6th Annual Carnegie Council Student Research Conference, May 2020. CREDIT: Amanda Ghanooni
6th Annual Carnegie Council Student Research Conference, May 2020. CREDIT: Amanda Ghanooni

R. Langdon Ogburn Wins 2020 Carnegie Council Student Research Conference: Topic, Drones and Warfare

May 18, 2020

On May 8, Carnegie Council held its sixth annual student conference as a virtual event on Zoom.

This year the Council received over 40 submissions from 24 universities and 8 countries. Out of these abstracts, 10 were chosen, including two group projects from Columbia University and United States Military Academy; one presenter had to withdraw due to personal reasons.

The winning presentation was by R. Langdon Ogburn of the United States Military Academy at West Point. His presentation titled "Drones and Warfare" examines the moral perspective of drone usage by militaries and proposes future paths towards a more ethical approach.

For more on Ogburn's research, read the written interview conducted by Carnegie Council program intern Richard Anar, who coordinated the conference.

As the winner, Ogburn received a one-year membership to the Council's Carnegie New Leaders program.

"This entire experience was incredibly valuable for me," says Ogburn. "I am thankful to Carnegie Council for adapting to current events in a way that enabled the participants to still present their research and learn from one another."

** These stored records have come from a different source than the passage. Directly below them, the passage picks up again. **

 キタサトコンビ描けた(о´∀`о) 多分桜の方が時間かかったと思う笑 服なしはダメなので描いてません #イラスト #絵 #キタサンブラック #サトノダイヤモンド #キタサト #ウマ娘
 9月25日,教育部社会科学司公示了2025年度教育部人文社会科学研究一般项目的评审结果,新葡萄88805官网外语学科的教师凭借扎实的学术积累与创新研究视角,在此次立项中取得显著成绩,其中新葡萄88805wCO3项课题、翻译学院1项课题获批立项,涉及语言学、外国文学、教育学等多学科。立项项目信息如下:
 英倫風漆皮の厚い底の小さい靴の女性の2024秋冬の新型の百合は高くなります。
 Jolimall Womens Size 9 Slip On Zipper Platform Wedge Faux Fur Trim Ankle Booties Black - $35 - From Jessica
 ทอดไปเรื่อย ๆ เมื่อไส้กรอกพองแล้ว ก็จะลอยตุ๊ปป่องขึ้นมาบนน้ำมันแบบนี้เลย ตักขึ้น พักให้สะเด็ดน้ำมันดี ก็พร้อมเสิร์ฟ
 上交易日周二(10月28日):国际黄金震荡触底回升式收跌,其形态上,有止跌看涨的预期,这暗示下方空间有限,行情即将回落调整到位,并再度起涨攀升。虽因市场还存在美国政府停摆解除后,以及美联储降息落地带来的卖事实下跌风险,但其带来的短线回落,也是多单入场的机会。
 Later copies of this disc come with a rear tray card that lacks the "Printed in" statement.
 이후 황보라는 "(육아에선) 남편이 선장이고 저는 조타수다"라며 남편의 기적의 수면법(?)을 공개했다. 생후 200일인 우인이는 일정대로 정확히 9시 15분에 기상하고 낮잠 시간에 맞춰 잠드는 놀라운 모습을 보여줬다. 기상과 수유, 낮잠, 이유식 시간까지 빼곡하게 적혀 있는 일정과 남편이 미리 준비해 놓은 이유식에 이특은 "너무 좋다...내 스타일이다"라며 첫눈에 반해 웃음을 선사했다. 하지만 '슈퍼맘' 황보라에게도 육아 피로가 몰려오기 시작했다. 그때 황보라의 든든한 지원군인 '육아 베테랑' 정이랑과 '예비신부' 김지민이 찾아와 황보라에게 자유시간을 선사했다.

Other presentations touched on various ethical issues, including international borders within cybersecurity, comparative models to combat deforestation, online hate speech vs. free speech, peace-building in Afghanistan, the U.S.-China trade war and soy production in Brazil, banking corruption in South Korea, "responsibility to protect" in Africa, and using religion in Track II diplomacy. The judging panel was comprised of Adam Read-Brown, editor of Carnegie Council's quarterly journal Ethics & International Affairs, and Alex Woodson, digital content producer at Carnegie Council and host of the Global Ethics Weekly podcast. The presentations were judged on their originality, persuasiveness, logical coherence, and relevance to ethics.

Carnegie Council would like to thank all those who took part.